OPINION
ROSS DOUTHAT
Kamala
Harris and the Audacity of Desperation
July 27,
2024
Ross Douthat
By Ross
Douthat
Opinion
Columnist
https://www.nytimes.com/2024/07/27/opinion/kamala-harris-democrats.html
Across
Donald Trump’s presidency, the American establishment achieved an unprecedented
level of ideological unity and conformity — first in opposition to Trump
himself, and then in the embrace of progressive ideology, in the “Great
Awokening” that reached a crescendo in the hotter months of 2020.
Since then
we’ve watched cracks spread throughout this edifice, dividing groups and
institutions that once seemed to move in lock step. These fault lines include
the split between a more ideological academic culture, where wokeness seems
entrenched, and corporate and media realms, where its hold has somewhat
weakened. They include the divisions between donors, university administrators
and activists exposed and heightened by the Hamas attacks and the Israel-Gaza
war. They include the struggle over Joe Biden’s fitness to run again, in which
the liberal intelligentsia and the Democratic Party were temporarily at war,
and the emergence of new right-leaning factions within the American elite.
But now,
with the surge of support for Kamala Harris’s candidacy, you can sense an
effort to overcome these divisions, to reassert the establishment’s anti-Trump
consensus, to recover the unity of 2020 and put the full power of what Nate
Silver once called the “indigo blob” at the presumptive Democratic nominee’s
disposal.
This means
money: a surge of tens of millions of dollars into Democratic coffers. It means
star power, whether through endorsements or just associations: Olivia Rodrigo
and George Clooney, Charli XCX and Beyoncé. It means soft-focus media
treatments and even the updating of inconvenient language, as Axios did when it
corrected a past reference to Harris as the Biden administration “border czar”

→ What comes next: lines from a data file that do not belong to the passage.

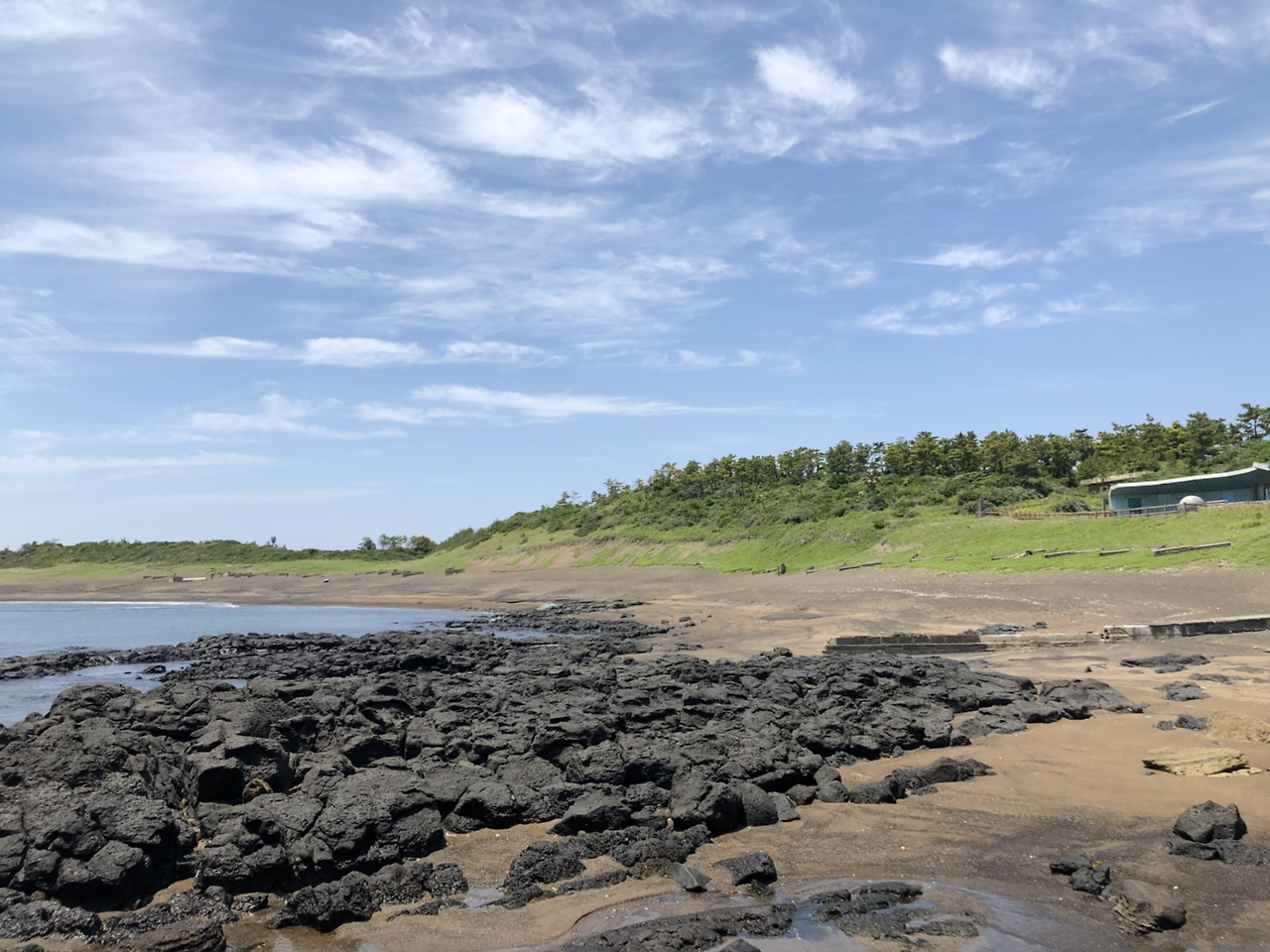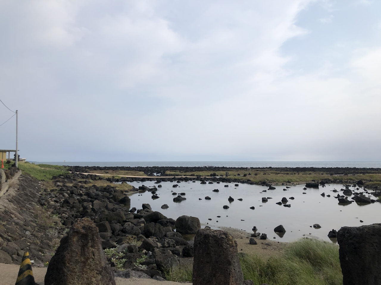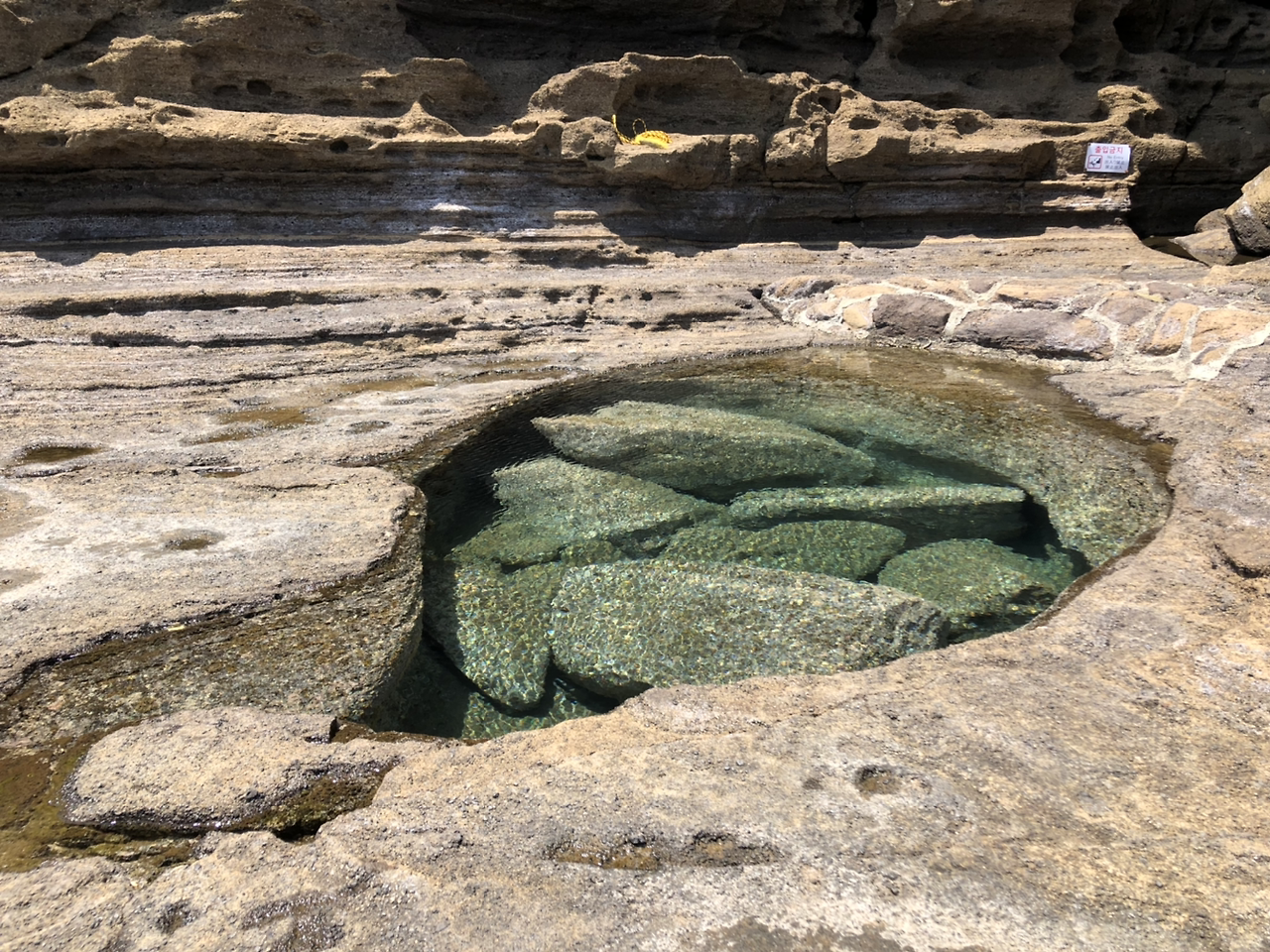 배가 고프지 않아서 점심을 패스하고 용머리해안으로 넘어갔다. 산방산 바로 아래에 있는 용머리해안은 주차장 아래 방향으로 (말구경도 하고 사진도 찍어가며) 슬슬 내려가다 보면 입구에서 매표를 하고 입장할 수 있다. 매표소 입구를 지나자마자 드러나는 해안절벽의 절경이 눈에 들어왔다. 웅장했고 거대했다. 위대한 자연 앞에서 멋지다는 말로는 표현이 부족한 느낌이었다. 발이 빠지지 않게 조심조심 해안가를 걷는 동안 시원한 바람과 파도소리가 느껴졌고, 싱싱한 멍게와 해삼을 썰어 판매하시는 해녀분들의 찐제주사투리도 들었다.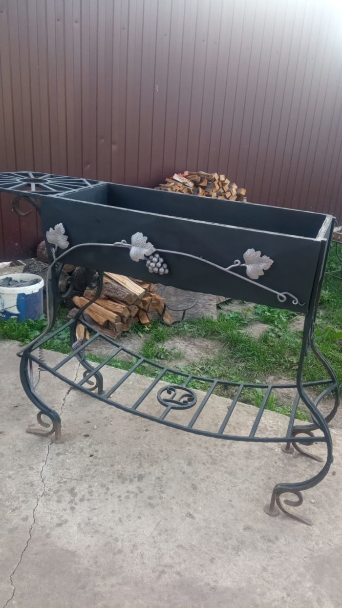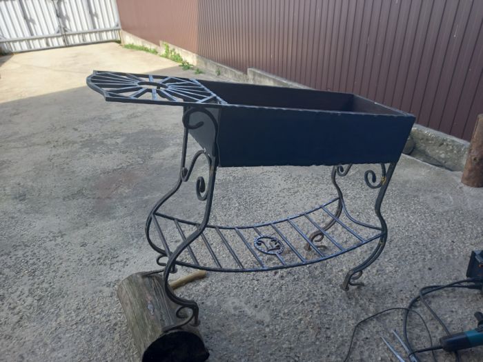 И так, мною сделан этот мангал 4,5 года назад. Из цельного, жатого прутка стали в 14мм.Клиент просто не заботился о нем. Не обслуживал после использования. Принято решение о перерождения его в новом формате. А далее просто мысль, только моя. Немного фантазии и рук.Были сделаны накладки в виде конвертов. Из 2мм стали, покрашены температурной краской . Так же была виноградная лоза 6мм, 8мм, 10мм. Куплены .+листья(без хвостиков) и часть грозди винограда.Вторая гроздь сделано мною.Все остальное сделано руками.Как всегда, не спеша. Результатом клиент доволен. Всем бобра и хорошего настроения.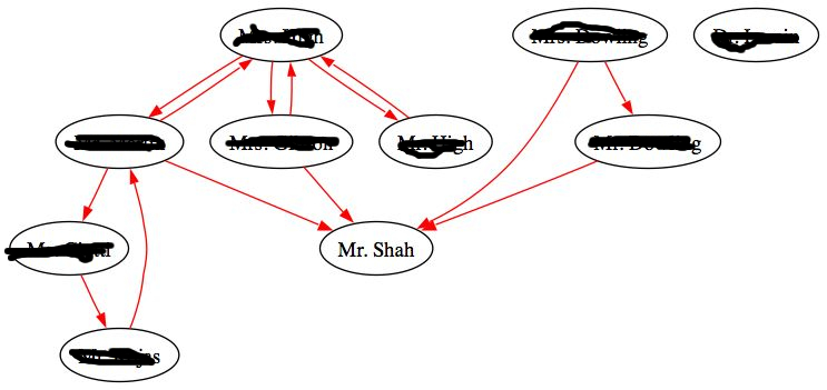 After class, I thought: why not do this whole social network thing next year? So last night I made up a fake set of relationships among teachers at my school and then created a network: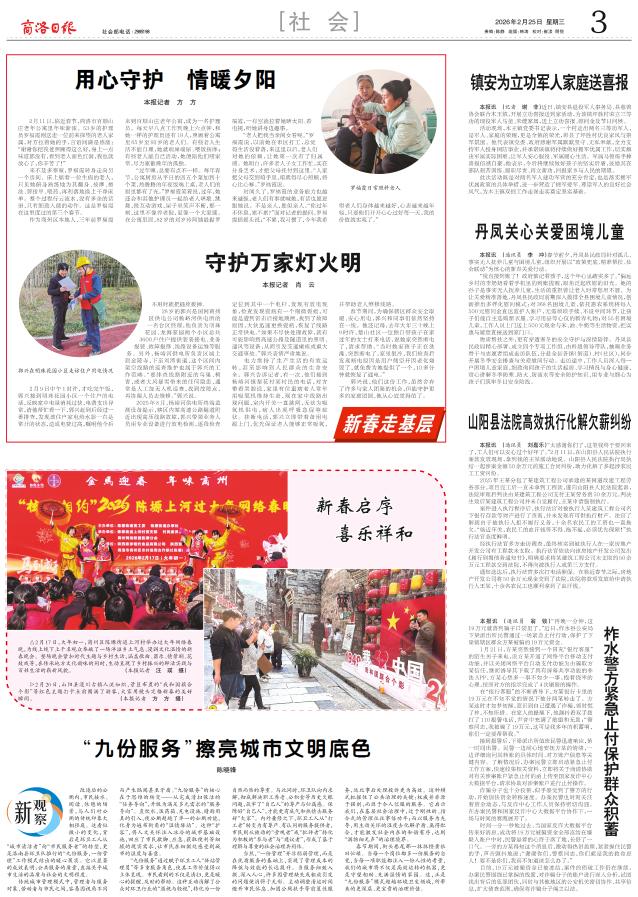 2月11日,临近春节,商洛市百顺山庄老年公寓里年味渐浓。53岁的护理员罗福霞刚送走一位前来探望的老人家属,对方拉着她的手,言语间满是感激:“谢谢你把我爸照顾得这么好,身上一点味道都没有,看到老人面色红润,我也就放心了,你辛苦了!”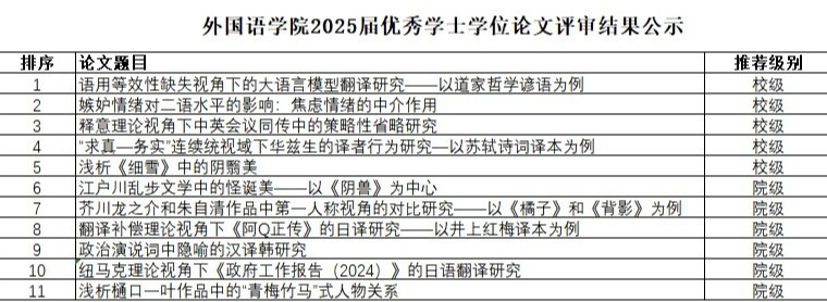 上一条:bangumi 2025届优秀学士学位论文评审结果公示(高密校区英语专业)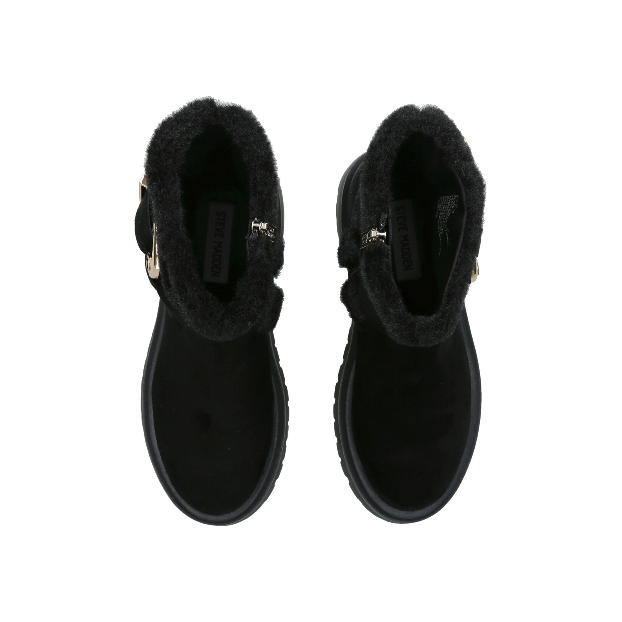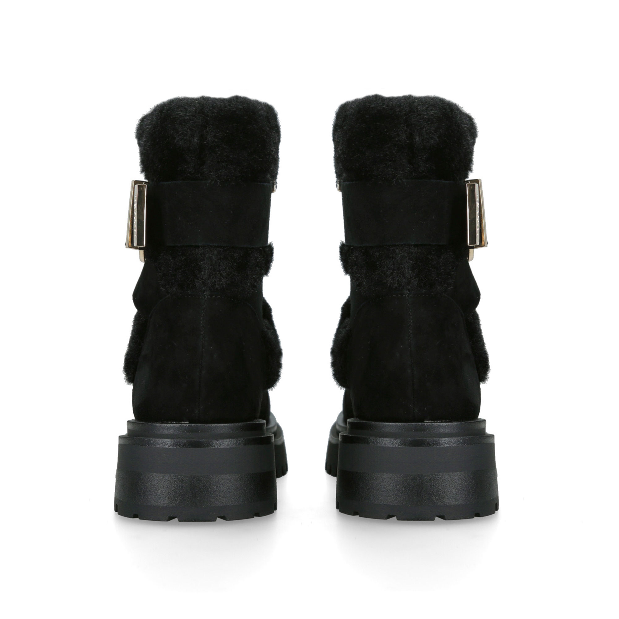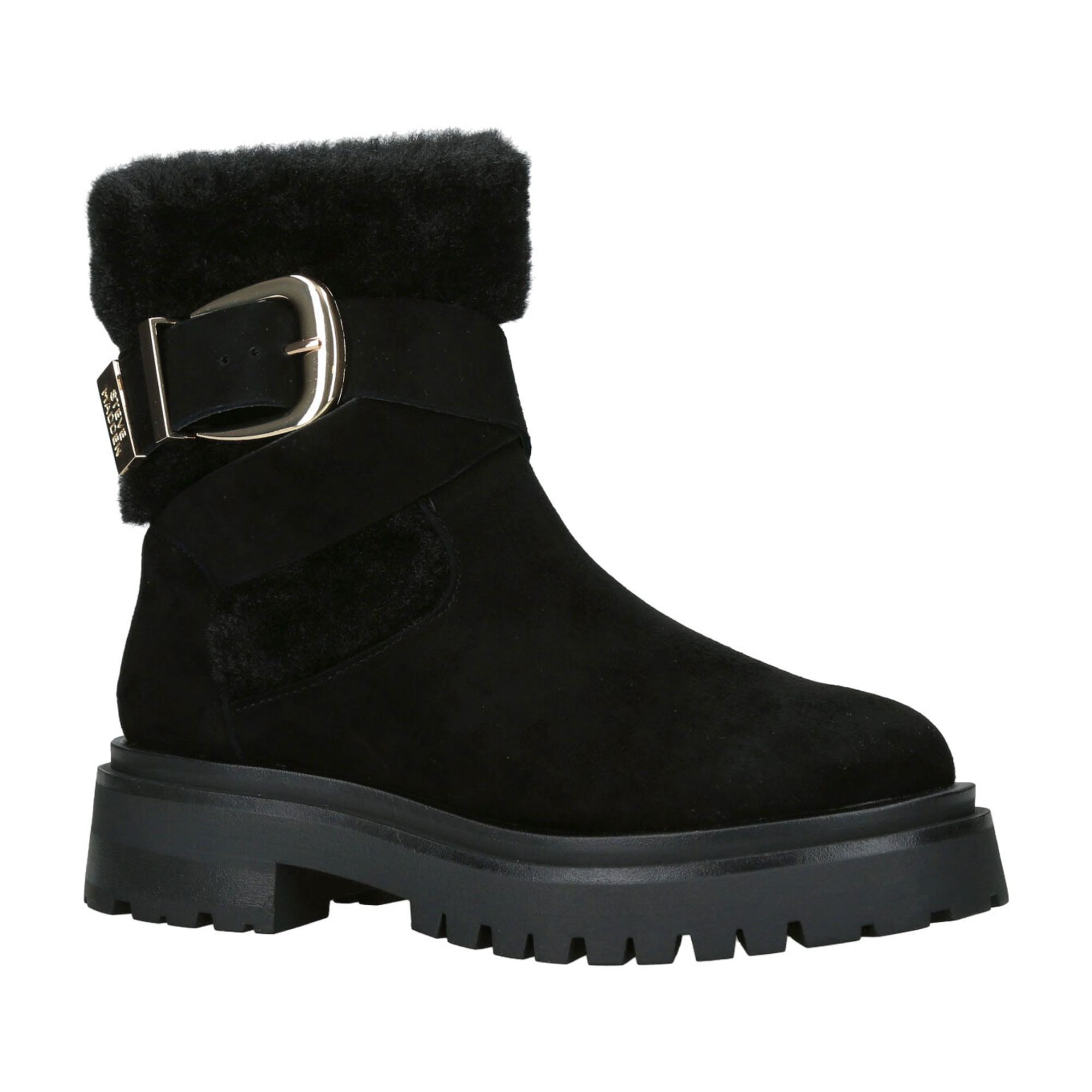 - Plush fur-lined collar, bold buckle strap detail

amid conservative criticism of her role in immigration policy. It means
squelching any chance of an intra-Democratic conflict or a convention fight,
while delivering hype from every corner, from liberals to ex-Republicans to
TikTok users, in an attempt to gild the Harris candidacy with the magic of
Obamamania.
What the
Kamalamentum effort shares with that 2008 phenomenon is one of Barack Obama’s
favorite words: “audacity.” But not the audacity of hope this time, so much as
the audacity of desperation — a sense that in this late hour the only hope for
stopping Trump is to set aside all differences, bury all doubts and present
Harris to the world not as an unhappy default but as a potentially
transformative candidate, the kind that any Trump opponent should have wanted
all along.
This is
especially audacious because the agony that the Democrats only just escaped,
the disgraceful attempt by Biden’s inner circle to prop him up through one more
campaign cycle, was itself a direct response to a consensus among savvy
political observers that Harris was an exceptionally poor candidate, exactly
the wrong person to set against Trump, not another Obama but a liberal answer
to Dan Quayle.
The speed at
which this consensus shifted should not exactly be surprising; we just watched,
after all, the rapid dissolution of a shared liberal reality in which Biden’s
aging was at most a minor problem magnified by Fox News and Republican
disinformation efforts. Just as that consensus turned out to be a fond
delusion, perhaps the underestimation of Harris will look unmoored from reality
in hindsight. Even poor Quayle might have outperformed his reputation if
someone had only given him a chance.
But the
basic facts that made Harris seem like a dubious choice remain. She is a
politician who built her career inside a liberal state where what matters is
winning over Democratic Party elites and liberal-leaning voters, not the
conservative-leaning independent voters she needs to persuade now. She flopped
completely in her bid for national office in 2020 and was rescued and elevated
only by the exigencies of George Floyd-era progressive politics. As vice
president she has no notable successes, no impressive portfolio, and her
struggles and miscues have inspired comparisons to HBO’s “Veep” for a reason.
Today she
occupies an odd position as presumptive nominee, having succeeded in neither of
the traditional means of ascent: She won no primaries or caucuses, and no
smoke-filled room of Democratic grandees agreed on her electability. Democrats
have made their peace with her nomination, but they are making a virtue of
necessity, not crowning a victor or rewarding a great success.
That
necessity has brought us to a double test. For Harris herself, the question is
whether she can rise to the occasion, conduct outreach more effectively than
the current president has, shed her Quaylian baggage and show skills that even
her allies have worried that she lacks.
For the
establishment rallying around her, the question is whether the united front
that’s contained Trump but failed to bury him has enough remaining juice,
enough potency in spite of its divisions, to achieve a great and heretofore
unlikely seeming feat: making Kamala Harris happen.